By Brian R. JacobsonDecember 2, 2022

Lousy Listing: On “Sight & Sound” and Taste
IN THE FALL of 1952, Sight & Sound magazine asked 85 film critics to select “the Ten Best Films of all time.” Critics sent back lists, and in the year’s final issue, Vittorio de Sica’s 1948 Bicycle Thieves was declared the winner. The victory confirmed the film’s place in a pantheon of European art cinema whose remarkable staying power continues to define good taste in movies today. Though triumphant, however, its victory was anything but. In fact, very few of the respondents considered Bicycle Thieves the “best” film. Only 25 out of 63 had included it on their lists, and of the 47 critics whose selections were reproduced in the magazine, only one ranked it first — because the list was in alphabetical, not qualitative, order. André Bazin and Paul Rotha each had it in 10th, and the vast majority — including Iris Barry, Lotte Eisner, Siegfried Kracauer, Henri Langlois, and Karel Reisz — didn’t include it at all. No other film appeared on even 20 lists, and those on as few as five — less than one percent of the films named — still eked out a place among the notable runners-up. The critics had spoken … but had they?

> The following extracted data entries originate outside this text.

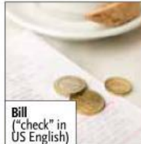
Bill ("check" in US English)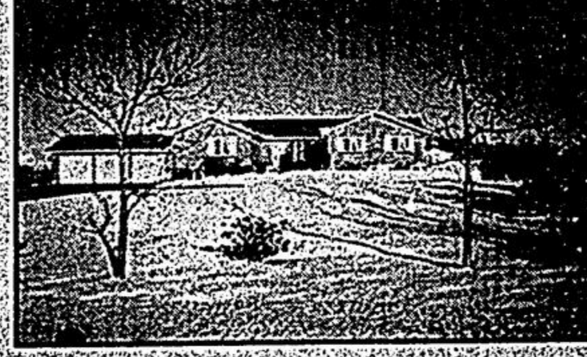
5 BDRM. EXECUTIVE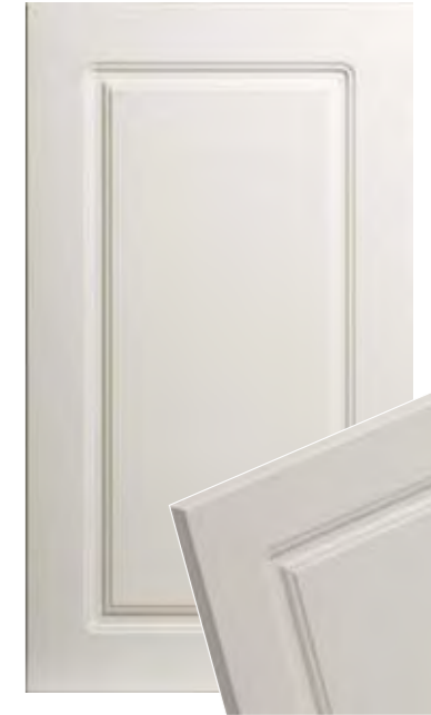
Design 200 - Edge 3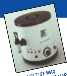
THE HOTTEST WAX DISPENSER IN THE MARKET!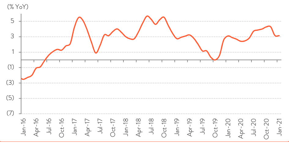
FIG 3 - HEADLINE WPI TO COOL DOWN GOING FORWARD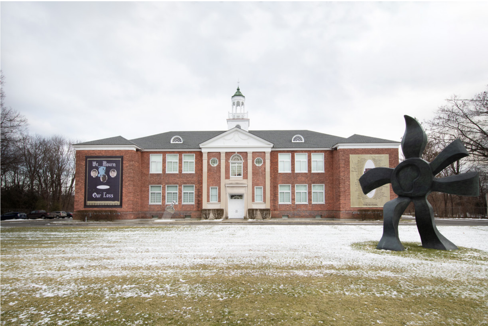
Installation view, This Tender, Fragile Thing , 2022 The School | Jack Shainman Gallery, Kinderhook, NY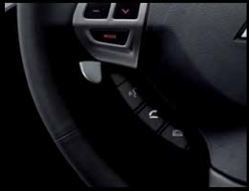
BLUETOOTH® PHONE CONNECTIVITY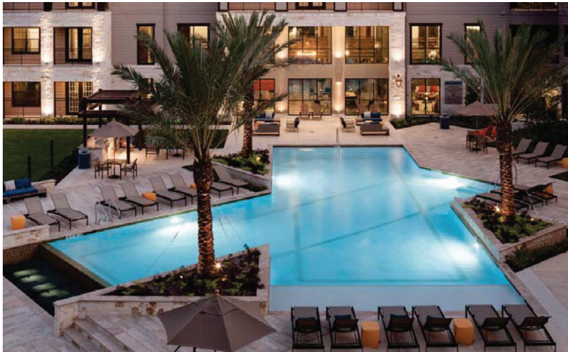
③ ACCENT MOVEABLE FURNITURE TO BRIGHTEN AND EXCITE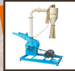
5 HP Double Chamber Blower Pulverizer

The question is back on the table this month with the release of the latest edition of Sight & Sound’s “best of” list, which has appeared every 10 years since 1952. Back in July, I was invited to contribute to the list for the first time and watched closely as a new generation of critics and scholars wrestled with a task that has long teased and tormented the select few asked to do it. “Everybody knows,” as David Lodge once wrote about ranking books, “that ‘best’ in this context is not an absolute and authoritative judgement, but it is not totally arbitrary either.” We rely on experts to turn subjective assessments of quality into near-objective measures of superiority. But in a time when expertise — and who can become an expert, pass judgement, and establish objectivity — has increasingly been called into question, the power and role of ranking exercises like Sight & Sound’s “best of” list deserve as much scrutiny as the outcome of the poll itself.

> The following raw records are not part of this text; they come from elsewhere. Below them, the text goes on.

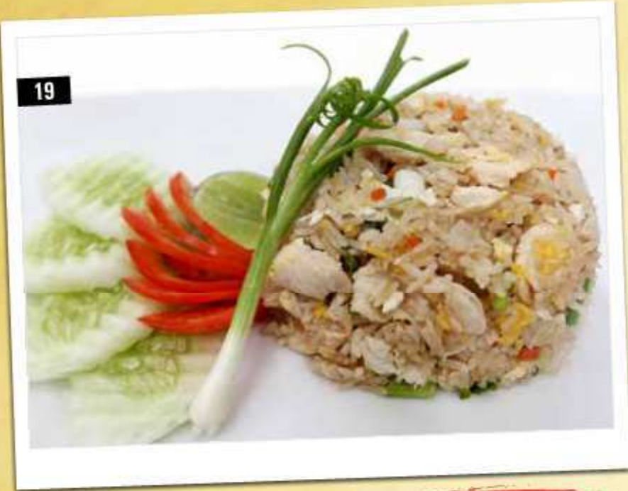
19 KAO PAD KAI OR KHUNG Fried rice with Chicken or Shrimps ข้าวผัดไก่ หรือกุ้ง 160/180 THB

Choice your taste No Spicy Little Spicy Spicy Verry Spicy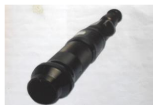
Figure 2. Stunning tool

The use of kosher stunning tool can reduced livestock's stress and pain before slaughtered. Stunning system is conducted without breaking the skull and it guarantees the kosher and animal welfare requirement. Mushroom head shape of the slab in this tool will prevent fatal or excessive damage to the livestock's skull. The various capacity of power load is based on the cow's size, whether it is small, fair, or big. By using kosher stunning tool, the quality and the profit of meat can be enhanced. Stunning technique is illustrated in fig. 3. Stunning box is a place for entering the cow (3a). The officer demonstrated the use of stunning tool (3c). From the top of the stairs, he pressed the cow head using stunning in the determined spot (3d). Stunning box was slowly opened and the cow immediately slaughtered (3e). The stunning process needs \pm five minutes.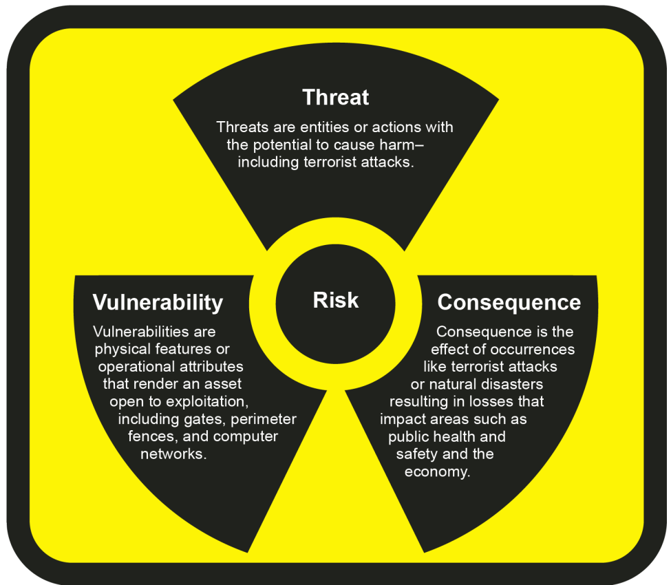
Figure 1: The Three Elements of Radioactive Material Risk

Source: GAO analysis of Department of Homeland Security information. | GAO-24-107014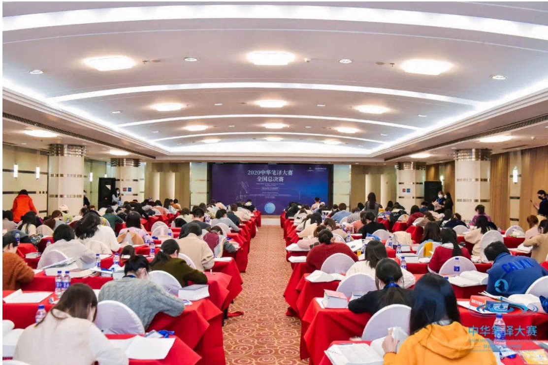
The national final of the 2020 China written translation contest.

As the year of 2020 marks the 75th anniversary of the UN since its establishment back in 1945, Grouphorse held an online 3D Photo Exhibition in Commemoration of the 75th Anniversary of the UN, themed as Grouphorse and UN, on 24 October, 2020.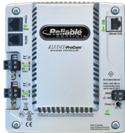
1 MACH-ProCom™ controller

Film culture’s enduring obsession with list-making has been under fire of late. “Against Lists,” a widely circulated 2019 essay by Elena Gorfinkel, wryly captures everything that is wrong with film lists and the consensus they imply: the predictable repetition of the Western European canon, the consistent exclusion of artists and critics who aren’t straight white men, and the transformation of film culture into soulless counting. Many of these criticisms are as old as the lists themselves but have, like the meager support for Bicycle Thieves’s coronation, been overshadowed by stories of greatness. One of the ironies of Sight & Sound’s role in popularizing film lists is that many of the first contributors hated the idea. If the 1952 critics could agree on anything, in fact, it was that ranking films was a “lousy” exercise from the start. A few simply ignored the invitation, while others mocked the rules or refused to follow them. “Why not 50?” one critic asked, or “Why not 2 1/2?” joked another. Never one to do things the official way, Langlois sent a list of eight topped by a set of shorts: “Chaplin’s 1916 films.” Lindsay Anderson, who sent 16 titles, admitted to cheating, but “isn’t the question itself,” he parried back, “a bit of a cheat?”

At best, choosing the greatest films was “impossible” or just plain “silly.” At worst, it was “disturbing” or even “barbarous.” “What a thing to ask[!]”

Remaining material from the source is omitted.